▶ Data to use:
---------------

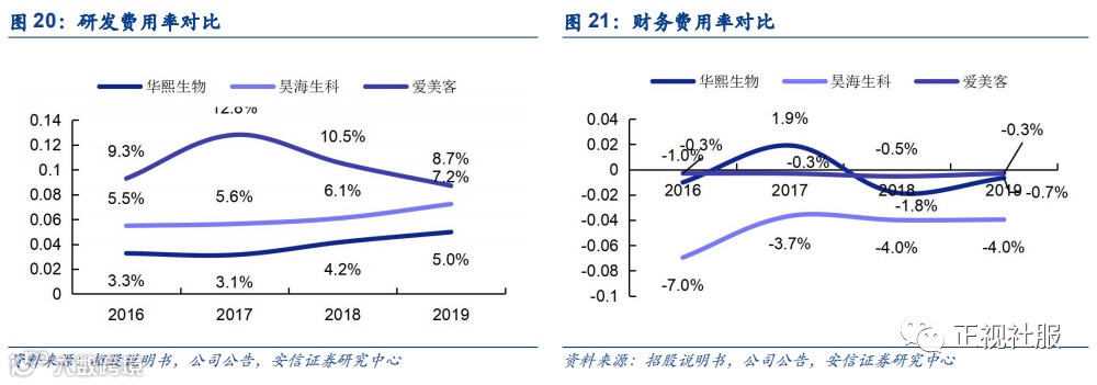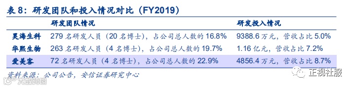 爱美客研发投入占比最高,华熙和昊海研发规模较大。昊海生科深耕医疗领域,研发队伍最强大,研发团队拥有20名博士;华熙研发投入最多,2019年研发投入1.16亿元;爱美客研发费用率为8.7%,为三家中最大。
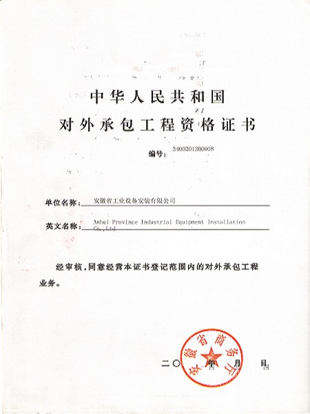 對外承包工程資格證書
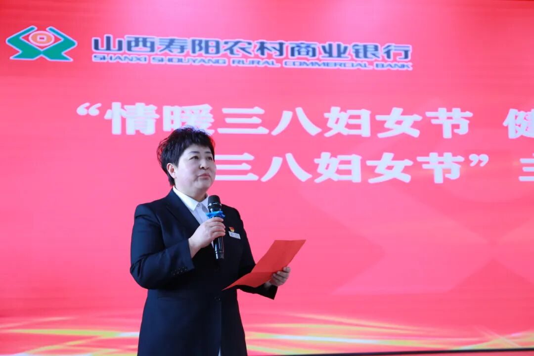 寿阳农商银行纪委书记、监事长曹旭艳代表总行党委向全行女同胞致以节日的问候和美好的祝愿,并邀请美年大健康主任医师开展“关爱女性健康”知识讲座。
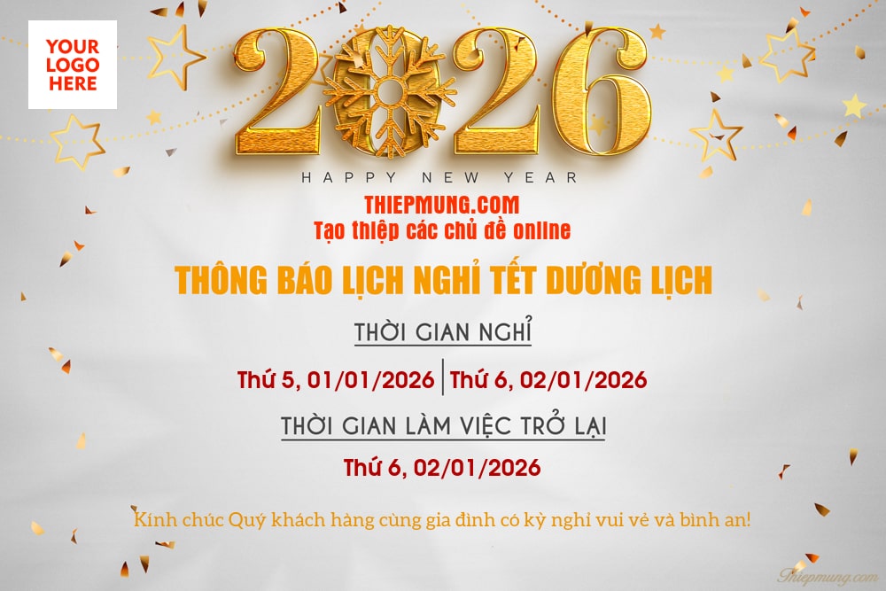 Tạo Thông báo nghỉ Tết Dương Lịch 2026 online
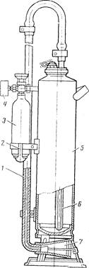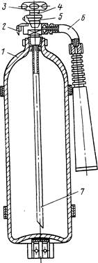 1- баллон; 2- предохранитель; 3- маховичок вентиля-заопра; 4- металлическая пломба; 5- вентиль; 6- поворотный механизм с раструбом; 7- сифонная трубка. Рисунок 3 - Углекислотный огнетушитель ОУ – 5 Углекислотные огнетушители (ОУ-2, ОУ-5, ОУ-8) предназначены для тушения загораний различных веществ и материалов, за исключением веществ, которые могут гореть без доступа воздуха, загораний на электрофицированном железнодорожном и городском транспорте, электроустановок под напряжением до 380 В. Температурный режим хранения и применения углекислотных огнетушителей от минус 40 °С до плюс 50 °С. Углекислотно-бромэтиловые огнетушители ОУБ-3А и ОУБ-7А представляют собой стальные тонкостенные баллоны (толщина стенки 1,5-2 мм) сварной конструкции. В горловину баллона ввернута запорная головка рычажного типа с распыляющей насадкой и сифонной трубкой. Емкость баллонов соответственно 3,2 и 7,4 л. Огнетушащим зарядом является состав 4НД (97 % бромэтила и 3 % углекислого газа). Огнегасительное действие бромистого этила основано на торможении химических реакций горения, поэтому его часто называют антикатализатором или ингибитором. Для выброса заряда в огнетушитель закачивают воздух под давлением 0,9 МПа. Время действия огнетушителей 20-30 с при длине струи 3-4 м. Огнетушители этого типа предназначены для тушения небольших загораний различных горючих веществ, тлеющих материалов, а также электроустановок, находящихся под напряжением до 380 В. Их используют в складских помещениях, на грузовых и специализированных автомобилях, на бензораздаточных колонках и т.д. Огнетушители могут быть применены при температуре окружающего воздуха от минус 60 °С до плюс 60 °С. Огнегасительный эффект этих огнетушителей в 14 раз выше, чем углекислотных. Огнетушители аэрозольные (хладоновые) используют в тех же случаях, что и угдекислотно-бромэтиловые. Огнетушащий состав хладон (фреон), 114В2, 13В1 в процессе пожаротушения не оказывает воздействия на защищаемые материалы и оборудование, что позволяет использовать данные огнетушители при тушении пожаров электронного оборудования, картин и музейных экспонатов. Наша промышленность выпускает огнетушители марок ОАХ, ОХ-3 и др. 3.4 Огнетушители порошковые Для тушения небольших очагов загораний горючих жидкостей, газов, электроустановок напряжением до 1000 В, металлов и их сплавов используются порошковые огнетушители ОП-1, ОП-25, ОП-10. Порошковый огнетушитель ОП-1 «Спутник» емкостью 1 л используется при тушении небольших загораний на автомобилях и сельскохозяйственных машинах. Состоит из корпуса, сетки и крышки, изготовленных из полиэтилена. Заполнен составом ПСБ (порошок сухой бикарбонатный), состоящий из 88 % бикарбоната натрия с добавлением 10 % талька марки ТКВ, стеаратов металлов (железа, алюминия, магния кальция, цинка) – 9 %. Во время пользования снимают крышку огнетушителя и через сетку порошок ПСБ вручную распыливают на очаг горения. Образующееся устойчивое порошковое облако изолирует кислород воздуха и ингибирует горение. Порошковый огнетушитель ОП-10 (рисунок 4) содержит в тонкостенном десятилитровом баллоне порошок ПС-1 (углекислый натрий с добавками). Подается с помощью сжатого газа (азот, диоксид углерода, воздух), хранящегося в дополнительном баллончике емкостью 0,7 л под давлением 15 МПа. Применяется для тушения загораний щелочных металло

---------------

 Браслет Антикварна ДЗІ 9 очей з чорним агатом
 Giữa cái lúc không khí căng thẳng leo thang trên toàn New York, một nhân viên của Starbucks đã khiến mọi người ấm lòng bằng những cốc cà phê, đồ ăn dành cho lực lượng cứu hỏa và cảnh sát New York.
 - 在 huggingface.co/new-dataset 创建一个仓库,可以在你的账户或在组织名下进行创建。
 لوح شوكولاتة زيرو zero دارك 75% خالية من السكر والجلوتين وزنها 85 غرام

---------------

Your task is to copy only the lines above starting at the one containing "爱美客研发投入占比最高,华熙" and ending at the one containing "Tạo Thông báo". Copy them exactly, both ends included, and omit the pictures.

 爱美客研发投入占比最高,华熙和昊海研发规模较大。昊海生科深耕医疗领域,研发队伍最强大,研发团队拥有20名博士;华熙研发投入最多,2019年研发投入1.16亿元;爱美客研发费用率为8.7%,为三家中最大。
 對外承包工程資格證書
 寿阳农商银行纪委书记、监事长曹旭艳代表总行党委向全行女同胞致以节日的问候和美好的祝愿,并邀请美年大健康主任医师开展“关爱女性健康”知识讲座。
 Tạo Thông báo nghỉ Tết Dương Lịch 2026 online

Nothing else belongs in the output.